As I watched all this (and got my hand smacked in my one bout of 0-2-0), I reflected on how different things are among small groups in the USA when making a decision. (And I should emphasize that I reflected on the difference, as I have been here long enough to learn to catch myself from simply saying something is so different, or more unique, or more outrageous, than at home, when the fact is, the exceptional character of something observed is usually a mental lapse: much the same happens in one's own home culture, but we take it for granted, until it is "exotified" in a foreign culture.) Upon reflection, I did feel there is a key difference at work. In my American culture, I believe small-group decision-making is much more verbal. In Taiwanese culture, by contrast, the arbitration is habitually non-verbal and kinesthetic. In my culture, decisions are events for personalities to mingle, or clash, in a, sometimes pyrotechnic, display of verbal nuance. In Taiwanese culture, by contrast, little games have become second nature perhaps precisely in order to minimize direct verbal impacts.

Why might this be so?
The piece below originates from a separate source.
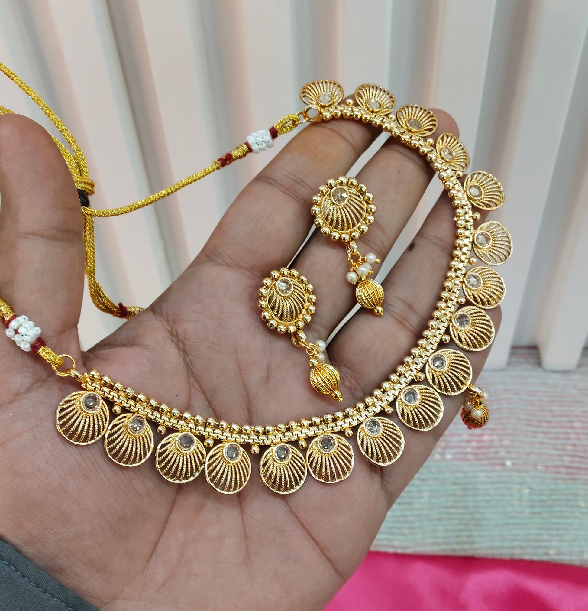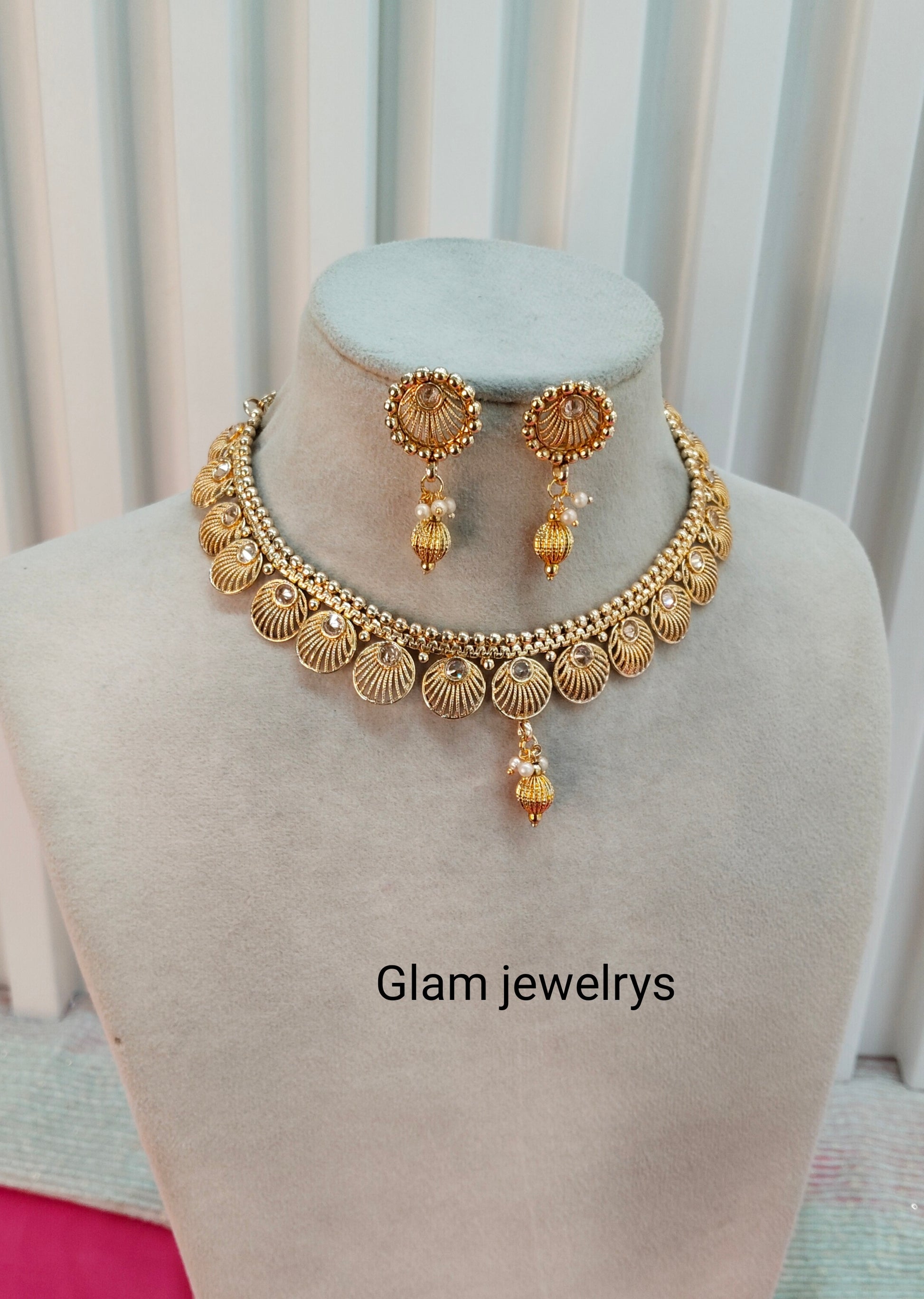 *Gold Polki Necklace set with earrings

I believe it was in Keith Devlin's Goodbye, Descartes that I recently read him saying England and Singapore's manners are more refined and central in dialogue, versus American and Australian manners being more rough and tumble, on account of the latter two places are broad, open countries, while the former two are small, self-contained island-cultures. As I read it, island-cultures have to cultivate better group-manners, since there is, almost literally, nowhere to escape from conflict, whereas larger countries allow for gruffer, more individualistic behavior, seeing as one individual can just up and move far away from the other individual source of complaint or trouble. So it is in Taiwan and America, respectively. In small, enclosed, densely populated cultures, like Taiwan's, there simply need to be automatic mechanisms for resolving social conflict, even in trivial matters, lest the pressure builds up like corn in a heated pot. In large, sparsely populated areas, by contrast, individualistic mechanisms for conflict resolution are permissible, not only because actual conflict can be diffused over the large geographical "option-space", but also because, in a land where each person can, ideally, at least, stake his own claim on his own plot of land, verbal skill is a way for individuals to stand out, to shine. In the USA, what often happens is that a difficult decision becomes a bickering match, fought over semantic nuances. "You misunderstood me; That's not what I meant; You never said that till now; I don't remember us agreeing to that; etc." You never see that sort of haggling in small-groups here. Everything stands or falls by the law of the flashing hands, if you will. It goes without saying that this faceless, hand-full method of conflict resolution elides the whole issue of personal blame or fault, since, in a verbal match, each person is accountable (and commendable) for his own words, whereas in a sub-verbal match, no one is to blame, since the hands flash in a basically natural, random way. (We do the same in the USA with coin tosses, but even that can become a verbal feud if someone does not flip the coin right or if it is debated who should be heads or tails in the first place, or if the coin should land on the floor or be caught and slapped on the back of the hand, etc., etc. The old "on three or after three?" problem.)

It strikes me as more than a bit odd that rational decisions (e.g., which road should we take, which item should we order, which movie should we rent, whose head should we crack, etc.) are decided by a completely non-rational, stochastic method. But that is a post for another time.

I mention all this because as soon as I linked the feral ones of "Cuff the Guava" and the tame ones of 0-2-0, I saw a fine possibility for a doctoral thesis in anthropology. "Small-Group Decision Methods in Taiwan", or some such.